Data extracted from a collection

[Start of section]

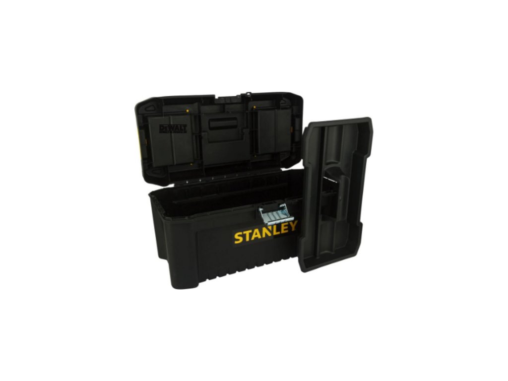 Univerzálny **box na náradie Stanley s organizérom** s dĺžkou 48 cm je vhodný pre základné sady náradia. Odnímateľný horný organizér slúži na drobné diely, zatiaľ čo dlhá rukoväť a ľahká konštrukcia uľahčujú prenášanie.
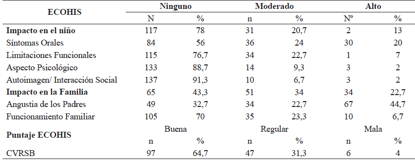El cuestionario ECOHIS fue respondido por el padre y/o madre y/o tutor del preescolar, obteniendo en la sección impacto en el niño mayores respuestas en el dominio síntomas orales (20%), seguido de limitación funcional (7%). En la sección impacto en la familia, el dominio con mayor impacto negativo fue angustia de los padres (44,7%). Referente a la CVRSB, de acuerdo al puntaje del ECOHIS, se subdividió en calidad de vida buena (64,7%), regular (31.3%) y mala (4%) (tabla 2).
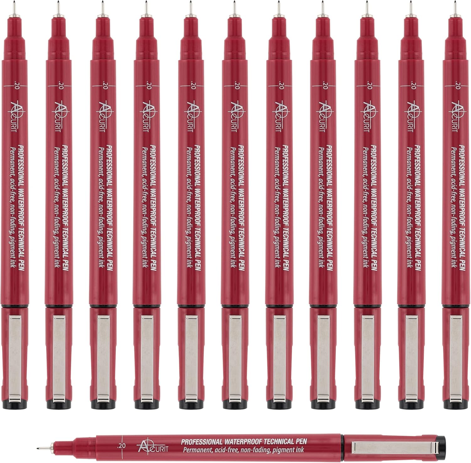 Acurit Waterproof Technical Pens - Professional Waterproof Technical Pen, Rich Blank Ink, Acid-Free, Light Fast, for Sketching, Drawing, Calligraphy, & More! - [12-Pack - 0.20mm]
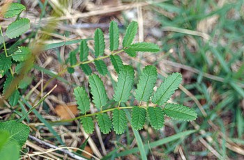 葉は5〜13の小葉からなり、小葉の柄の付け根に葉片がついている。 |
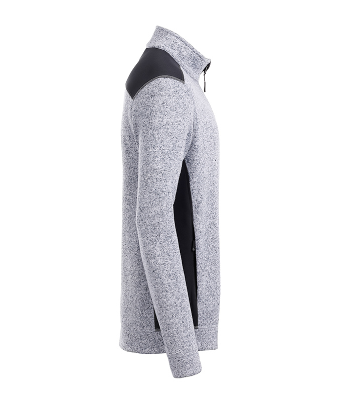 Weiches, wärmendes, pflegeleichtes Material in Melangeoptik, Außenseite Strickoptik, Innenseite flauschig weich angeraut, elastische Softshelleinsätze an Seite, Schulter und Ärmel, 2 Seitentaschen mit verdecktem Reißverschluss, Stehkragen, durchgehend unterlegter Reißverschluss mit Kinnschutz, JN861: leicht tailliert
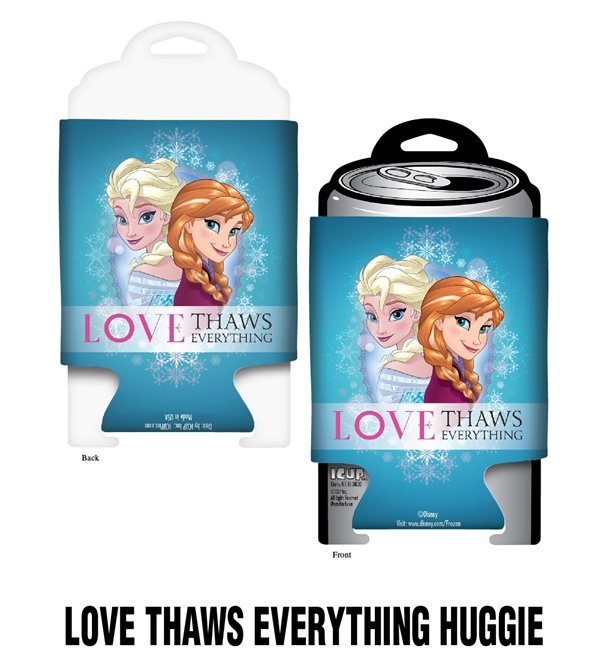 This is an insulated neoprene drink can cooler, huggie koozie featuring the image of Anna and Elsa from the hit Walt Disney movie Frozen, above the words “Love Thaws Everything”. It is a new and unused licensed can cooler stored in a smoke and pet free environment.
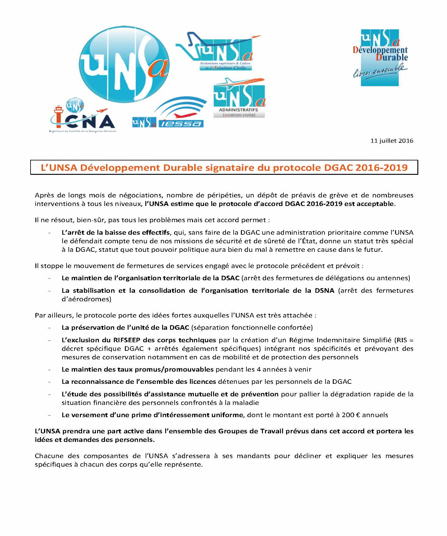 L’UNSA signe le protocole
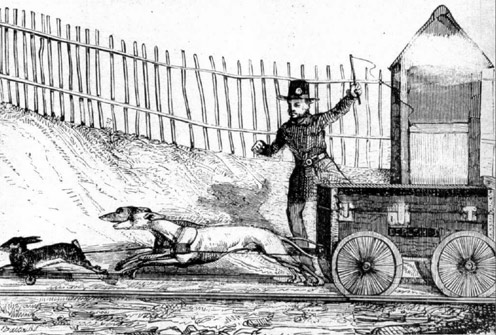 Caricatura alusiva a la apertura de la línea férrea Madrid-Aranjuez, publicada en la prensa de la época.
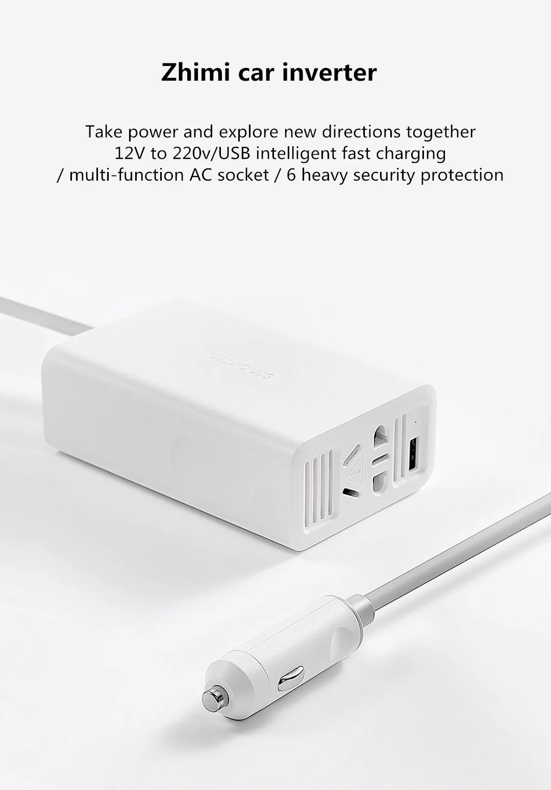 Портативное автомобильное зарядное устройство Xiaomi Mijia SMARTMI 100 Вт, преобразователь постоянного тока 12 В в переменный ток 220 В с usb-портами 5 В/2,4 А, автомобильное зарядное устройство с гнездом
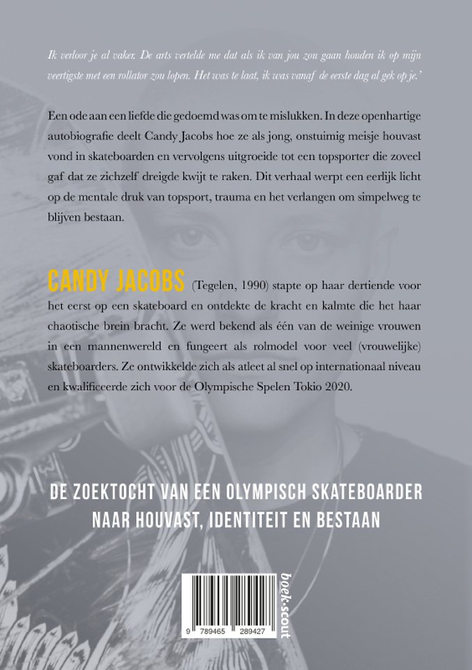 Een ode aan een liefde die gedoemd was om te mislukken. In deze openhartige autobiografie deelt Candy Jacobs hoe ze als jong, onstuimig meisje houvast vond in skateboarden en vervolgens uitgroeide tot een topsporter die zoveel gaf dat ze zichzelf dreigde kwijt te raken. Dit verhaal werpt een eerlijk licht op de mentale druk van topsport, trauma en het verlangen om simpelweg te blijven bestaan.
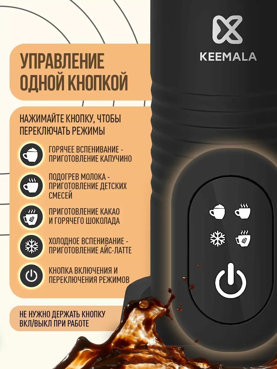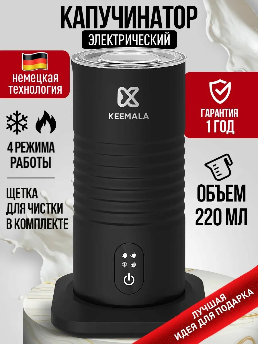 Капучинатор электрический - просто необходимый атрибут на кухне любого кофемана! Вспениватель молока за считаные секунды превратит молоко в густую и пышную пенку, благодаря которой ваш кофе будет просто неповторимым. Капучинатор и вспениватель для молока имеет 4 режима работы: горячее вспенивание, подогрев, приготовление какао и холодное вспенивание.

[End of section]

▶ [EXERCISE BRIEF]: Retype every entry exactly, but keep the pictures out of your copy.

▶ [YOUR RESPONSE]:
 Univerzálny **box na náradie Stanley s organizérom** s dĺžkou 48 cm je vhodný pre základné sady náradia. Odnímateľný horný organizér slúži na drobné diely, zatiaľ čo dlhá rukoväť a ľahká konštrukcia uľahčujú prenášanie.
El cuestionario ECOHIS fue respondido por el padre y/o madre y/o tutor del preescolar, obteniendo en la sección impacto en el niño mayores respuestas en el dominio síntomas orales (20%), seguido de limitación funcional (7%). En la sección impacto en la familia, el dominio con mayor impacto negativo fue angustia de los padres (44,7%). Referente a la CVRSB, de acuerdo al puntaje del ECOHIS, se subdividió en calidad de vida buena (64,7%), regular (31.3%) y mala (4%) (tabla 2).
 Acurit Waterproof Technical Pens - Professional Waterproof Technical Pen, Rich Blank Ink, Acid-Free, Light Fast, for Sketching, Drawing, Calligraphy, & More! - [12-Pack - 0.20mm]
 葉は5〜13の小葉からなり、小葉の柄の付け根に葉片がついている。 |
 Weiches, wärmendes, pflegeleichtes Material in Melangeoptik, Außenseite Strickoptik, Innenseite flauschig weich angeraut, elastische Softshelleinsätze an Seite, Schulter und Ärmel, 2 Seitentaschen mit verdecktem Reißverschluss, Stehkragen, durchgehend unterlegter Reißverschluss mit Kinnschutz, JN861: leicht tailliert
 This is an insulated neoprene drink can cooler, huggie koozie featuring the image of Anna and Elsa from the hit Walt Disney movie Frozen, above the words “Love Thaws Everything”. It is a new and unused licensed can cooler stored in a smoke and pet free environment.
 L’UNSA signe le protocole
 Caricatura alusiva a la apertura de la línea férrea Madrid-Aranjuez, publicada en la prensa de la época.
 Портативное автомобильное зарядное устройство Xiaomi Mijia SMARTMI 100 Вт, преобразователь постоянного тока 12 В в переменный ток 220 В с usb-портами 5 В/2,4 А, автомобильное зарядное устройство с гнездом
 Een ode aan een liefde die gedoemd was om te mislukken. In deze openhartige autobiografie deelt Candy Jacobs hoe ze als jong, onstuimig meisje houvast vond in skateboarden en vervolgens uitgroeide tot een topsporter die zoveel gaf dat ze zichzelf dreigde kwijt te raken. Dit verhaal werpt een eerlijk licht op de mentale druk van topsport, trauma en het verlangen om simpelweg te blijven bestaan.
 Капучинатор электрический - просто необходимый атрибут на кухне любого кофемана! Вспениватель молока за считаные секунды превратит молоко в густую и пышную пенку, благодаря которой ваш кофе будет просто неповторимым. Капучинатор и вспениватель для молока имеет 4 режима работы: горячее вспенивание, подогрев, приготовление какао и холодное вспенивание.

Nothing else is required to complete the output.